§ **INFORMATION**
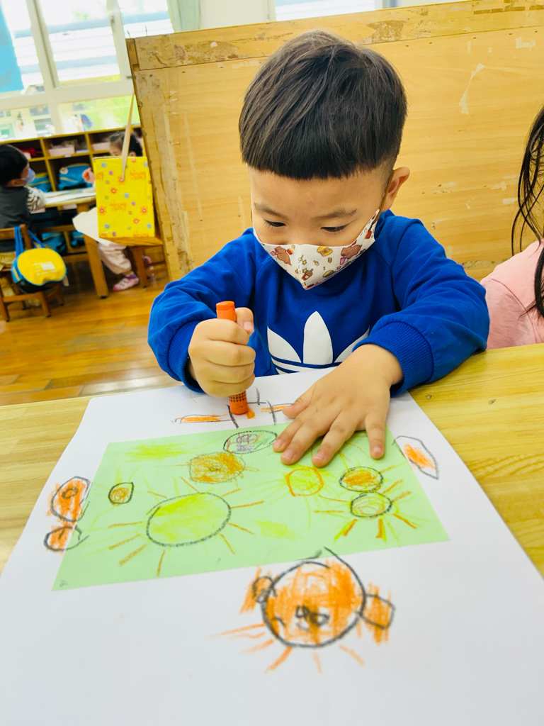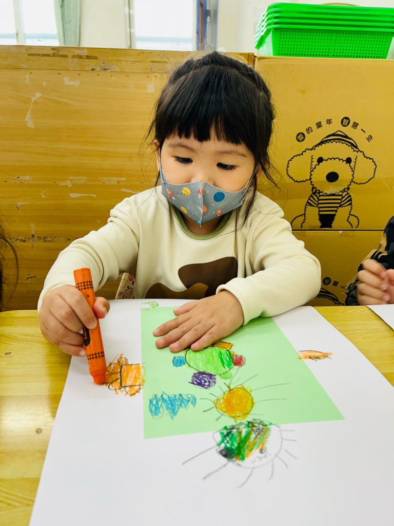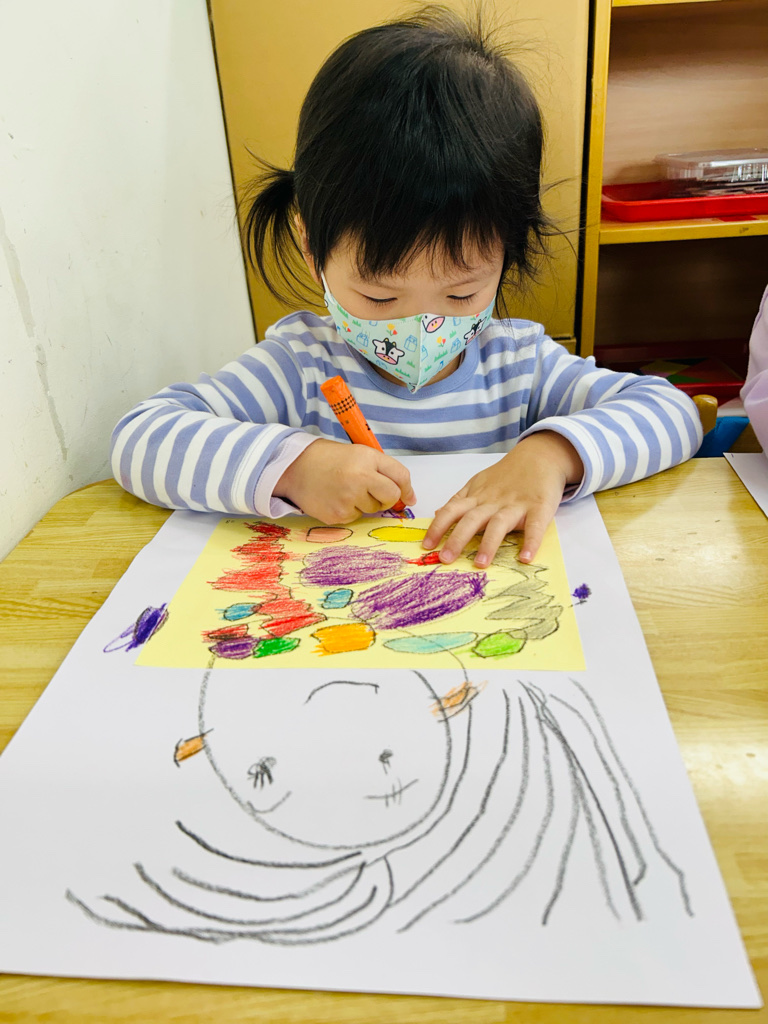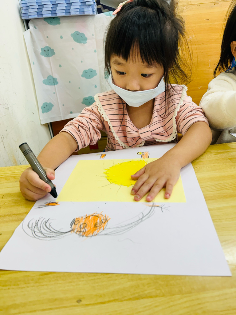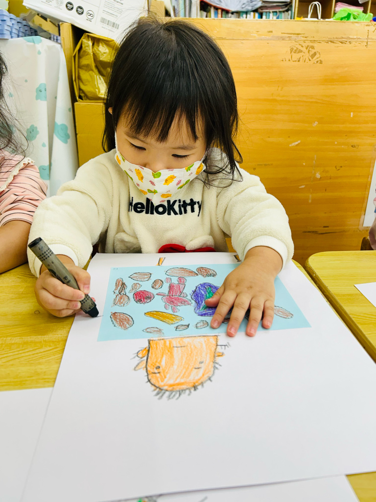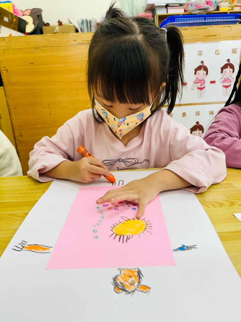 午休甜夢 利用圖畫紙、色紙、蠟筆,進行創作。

...

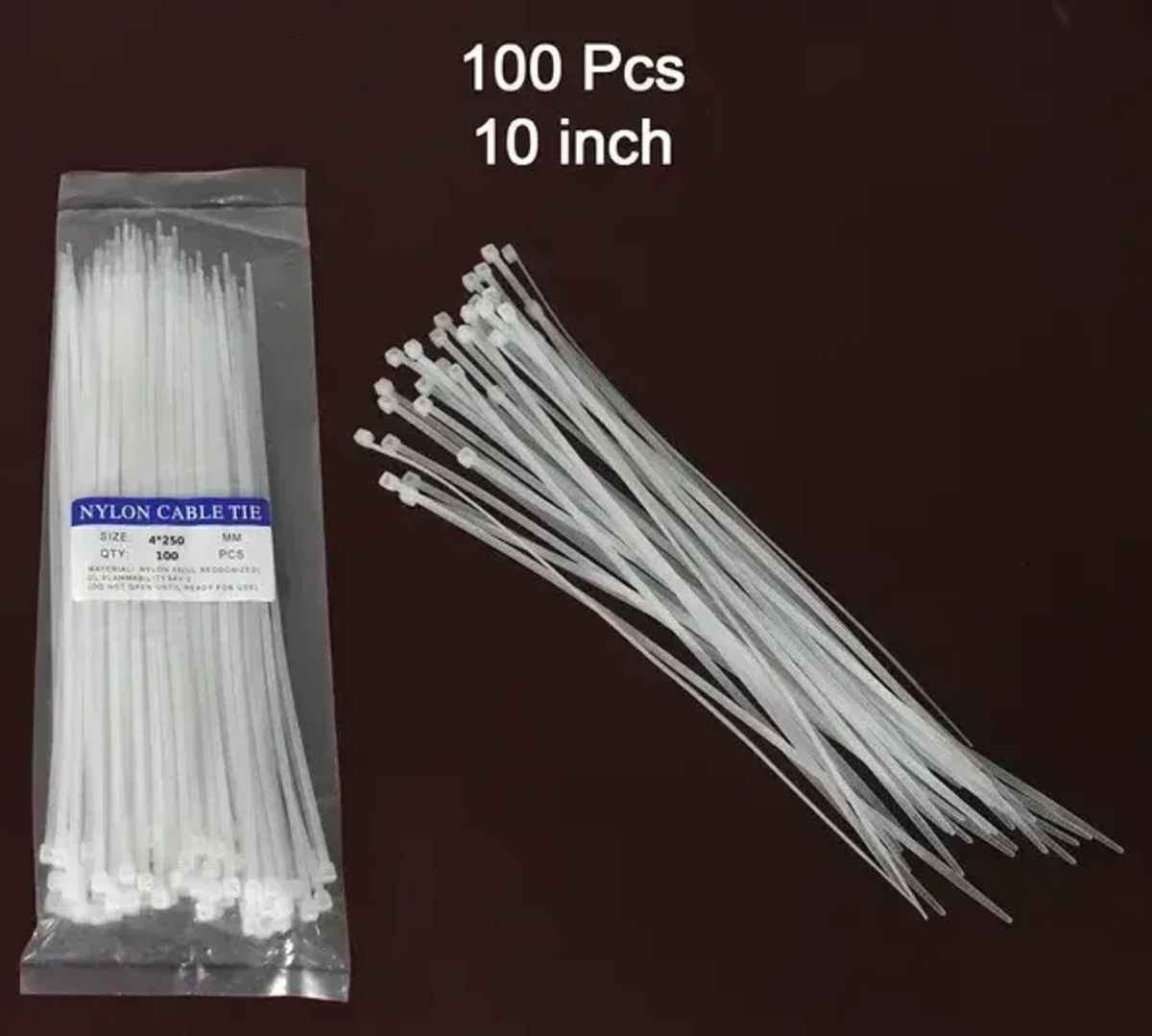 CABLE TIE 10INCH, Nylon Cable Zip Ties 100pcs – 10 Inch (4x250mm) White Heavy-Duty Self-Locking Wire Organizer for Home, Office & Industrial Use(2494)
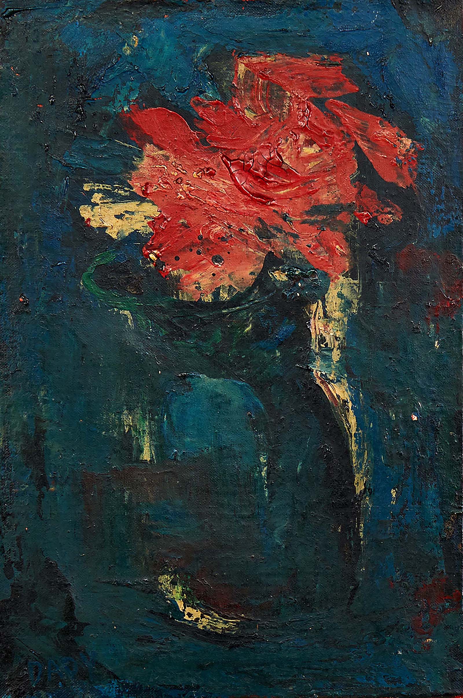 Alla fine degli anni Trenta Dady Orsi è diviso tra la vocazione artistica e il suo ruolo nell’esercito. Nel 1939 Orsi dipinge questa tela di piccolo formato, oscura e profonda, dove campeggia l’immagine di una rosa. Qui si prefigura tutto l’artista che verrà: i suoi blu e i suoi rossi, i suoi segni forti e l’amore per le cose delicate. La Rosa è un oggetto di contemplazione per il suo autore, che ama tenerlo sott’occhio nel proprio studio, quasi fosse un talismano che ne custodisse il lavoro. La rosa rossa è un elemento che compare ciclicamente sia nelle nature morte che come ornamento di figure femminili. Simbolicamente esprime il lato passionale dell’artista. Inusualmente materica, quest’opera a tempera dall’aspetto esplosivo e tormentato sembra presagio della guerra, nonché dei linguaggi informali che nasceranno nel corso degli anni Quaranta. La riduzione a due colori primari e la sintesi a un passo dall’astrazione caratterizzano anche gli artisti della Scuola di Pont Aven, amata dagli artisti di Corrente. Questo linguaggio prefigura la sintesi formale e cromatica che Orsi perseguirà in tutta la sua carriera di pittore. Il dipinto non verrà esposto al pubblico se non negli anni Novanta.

--

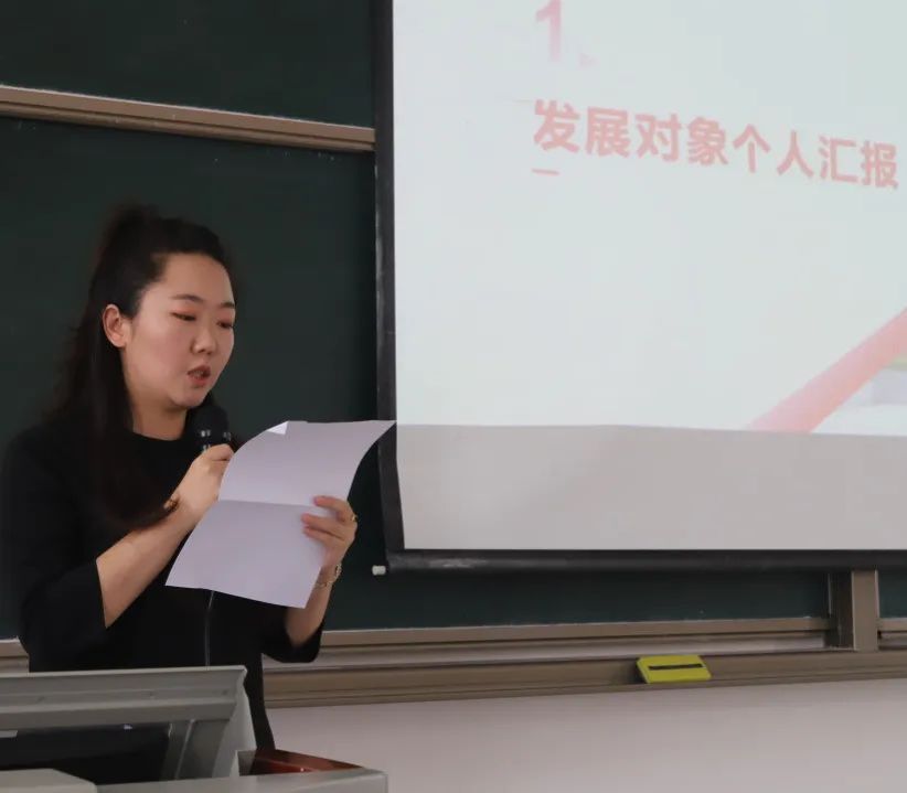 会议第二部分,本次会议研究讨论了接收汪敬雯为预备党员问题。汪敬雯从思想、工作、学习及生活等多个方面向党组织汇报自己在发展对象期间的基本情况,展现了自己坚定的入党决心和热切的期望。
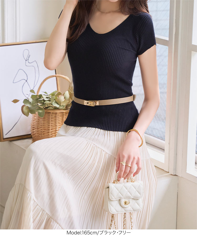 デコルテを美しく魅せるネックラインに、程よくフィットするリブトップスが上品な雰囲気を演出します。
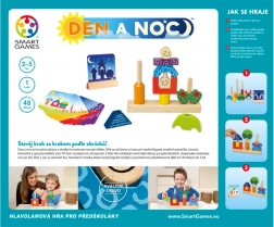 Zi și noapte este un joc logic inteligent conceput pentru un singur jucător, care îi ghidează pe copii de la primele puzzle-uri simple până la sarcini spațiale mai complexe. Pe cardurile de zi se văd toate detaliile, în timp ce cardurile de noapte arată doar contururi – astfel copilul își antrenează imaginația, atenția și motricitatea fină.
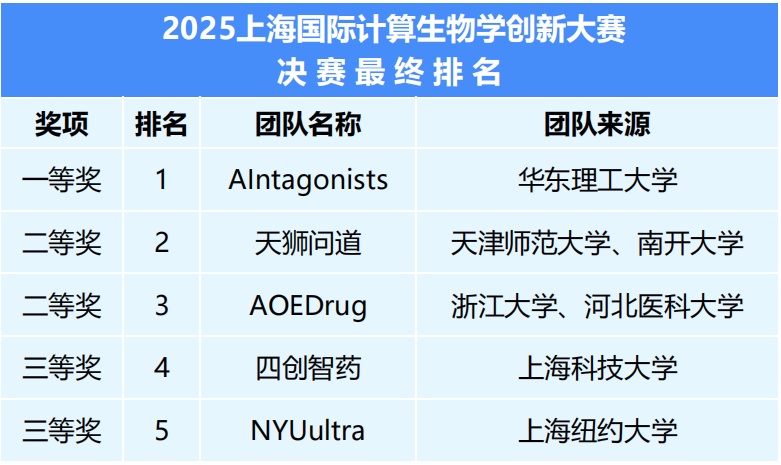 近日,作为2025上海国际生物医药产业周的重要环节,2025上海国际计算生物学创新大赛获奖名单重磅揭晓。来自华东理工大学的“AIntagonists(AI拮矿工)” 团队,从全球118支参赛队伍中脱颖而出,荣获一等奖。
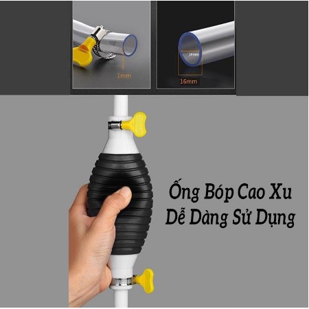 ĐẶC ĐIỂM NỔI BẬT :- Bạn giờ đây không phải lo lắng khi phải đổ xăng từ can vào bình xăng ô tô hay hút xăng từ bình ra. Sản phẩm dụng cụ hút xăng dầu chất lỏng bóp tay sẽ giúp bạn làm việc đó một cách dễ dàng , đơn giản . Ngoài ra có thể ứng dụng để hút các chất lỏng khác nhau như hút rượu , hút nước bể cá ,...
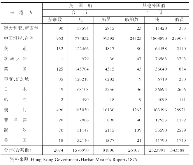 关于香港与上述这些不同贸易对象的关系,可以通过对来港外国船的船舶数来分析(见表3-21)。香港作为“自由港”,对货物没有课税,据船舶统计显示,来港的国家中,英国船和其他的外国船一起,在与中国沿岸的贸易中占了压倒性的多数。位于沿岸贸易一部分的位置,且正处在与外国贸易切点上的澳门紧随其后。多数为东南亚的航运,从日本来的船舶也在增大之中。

§ **TRY IT**
Only one stretch of the entries above is needed: the lines from the one containing "近日,作为2025上海国际生" through the one containing "关于香港与上述这些不同贸易对". Copy it exactly, without the pictures.

§ **TASK ANSWER**
 近日,作为2025上海国际生物医药产业周的重要环节,2025上海国际计算生物学创新大赛获奖名单重磅揭晓。来自华东理工大学的“AIntagonists(AI拮矿工)” 团队,从全球118支参赛队伍中脱颖而出,荣获一等奖。
 ĐẶC ĐIỂM NỔI BẬT :- Bạn giờ đây không phải lo lắng khi phải đổ xăng từ can vào bình xăng ô tô hay hút xăng từ bình ra. Sản phẩm dụng cụ hút xăng dầu chất lỏng bóp tay sẽ giúp bạn làm việc đó một cách dễ dàng , đơn giản . Ngoài ra có thể ứng dụng để hút các chất lỏng khác nhau như hút rượu , hút nước bể cá ,...
 关于香港与上述这些不同贸易对象的关系,可以通过对来港外国船的船舶数来分析(见表3-21)。香港作为“自由港”,对货物没有课税,据船舶统计显示,来港的国家中,英国船和其他的外国船一起,在与中国沿岸的贸易中占了压倒性的多数。位于沿岸贸易一部分的位置,且正处在与外国贸易切点上的澳门紧随其后。多数为东南亚的航运,从日本来的船舶也在增大之中。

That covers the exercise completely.